X-Ray Vision via Augmented Reality

The Wearable Computer Lab at the University of South Australia has recently uploaded three demos showing some of its researchers' work to Youtube. Thomas covered one of those, AR Weather, but fortunately enough, he left me with the more interesting work (imho).
The next clip shows a part of Benjamin Avery's PhD thesis, exploring the use of a head mounted display in order to view the scenery behind buildings (as long as they are brick-walled buildings). If understood correctly (and I couldn't find the relavant paper online to check this up), the overlaid image is a three-dimensional rendition of the hidden scene reconstructed from images taken by a previously positioned camera.



The interesting thing here is that a simple visual cue, such as the edges of the occluding items, can have such a dramatic effect on the perception of the augmented scene.

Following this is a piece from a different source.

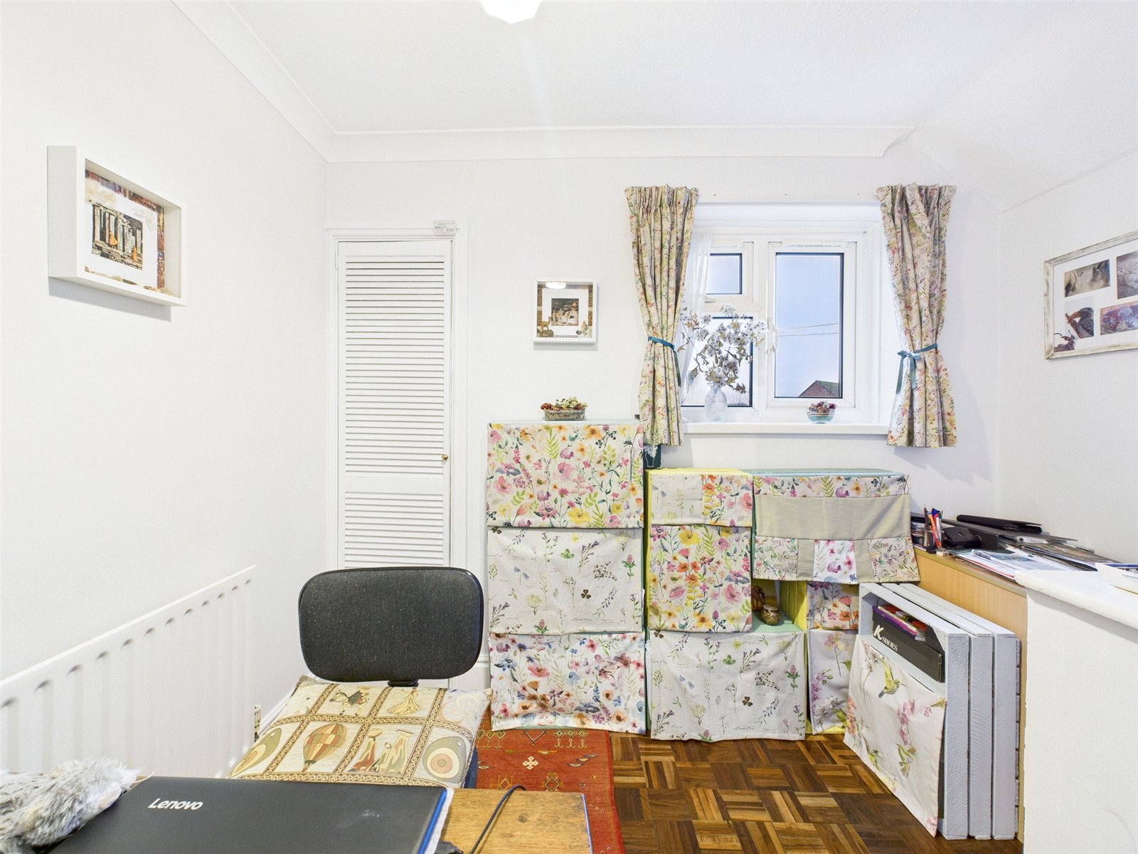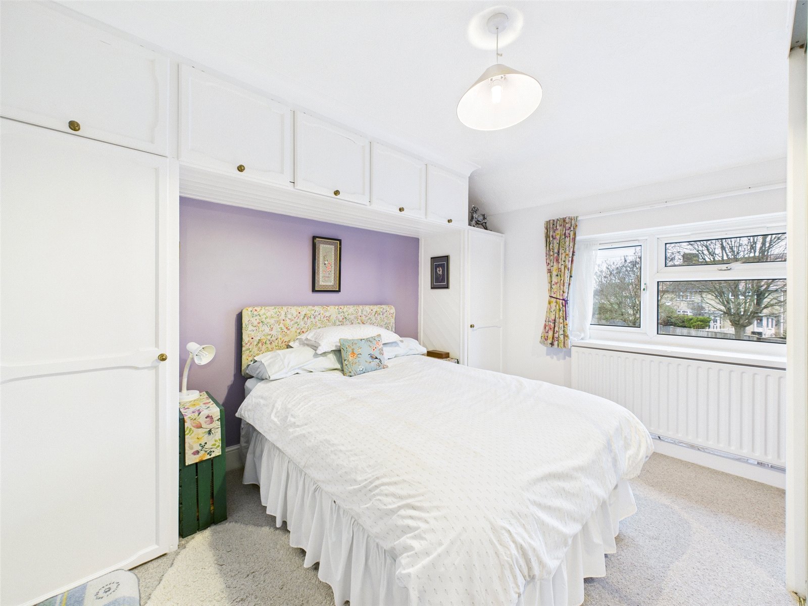 From the central hallway, you’ll find two bedrooms. The main bedroom is a generous double room with space for wardrobes and additional furniture, while the second bedroom works well as a guest room, home office or nursery.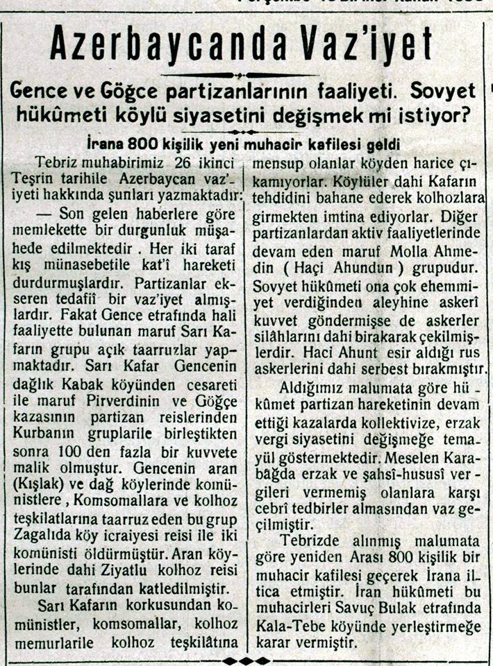 “... Gəncə ətrafında fəaliyyət göstərən, hər kəs tərəfindən tanınan Sarı Qafarın dəstəsi açıq hücumlar etməkdədir. Sarı Qafarın dəstəsi Gəncənin Dağlıq Kabak kəndində cəsarəti ilə tanınan Pirverdinin və Göyçə qəzasının partizan rəislərindən Qurbanın dəstəsi ilə birləşdikdən sonra yüzdən çox üzvə malik olub. Gəncənin aran və dağ kəndlərində kommunistlərə, komsomollara və kolxoz təşkilatlarına hücum edən bu qrup Zağalıda kənd icraiyyəsi rəisi və iki kommunisti öldürüblər. Aran kəndlərində də Ziyadlı kolxoz rəisi onlar tərəfindən qətlə yetirilib. Sarı Qafarın qorxusundan kommunistlər, komsomollar, kolxoz məmurları və kolxoz təşkilatına mənsub olanlar kənddən kənara çıxa bilmirlər. Kəndlilər də Qafarın təhdidini bəhanə edərək kolxozlara getməkdən imtina edirlər. Aktiv fəaliyyətə davam edən partizan dəstələrindən biri də Molla Əhmədin (Hacı Axundun) dəstəsidir. Sovet hökuməti ona çox əhəmiyyət verdiyi üçün hərbi qüvvə göndərsə də, əsgərlər silahlarını buraxaraq qaçıblar. Hacı Axund hətta əsir aldığı rus əsgərlərini azad edib”.

It makes one wonder what else can be done to improve augmented reality beyond better image recognition and brute processor power. Is it possible that intentionally deteriorating the augmented image (for example, making it flicker or tainted), will make a better user experience? After all, users are used to see AR in movies, where it looks considerably low-tech (think Terminator vision) compared with what we are trying to build today.

Anyway, here's Avery himself, presenting his work and giving some more details about it:





1 comments:

Thomas K Carpenter said...

I guess I didn't see the other two this morning when I made the post. I blame it on a lack of coffee.

The x-ray view was very interesting. From my own experience with Dactyl Nightmare and the various outdoor AR or the pit AR that I've seen, I'm impressed how realistic it looks even though the graphics aren't hyperreal. I think our minds fill in some missing details because its "expected", especially with a 3D view.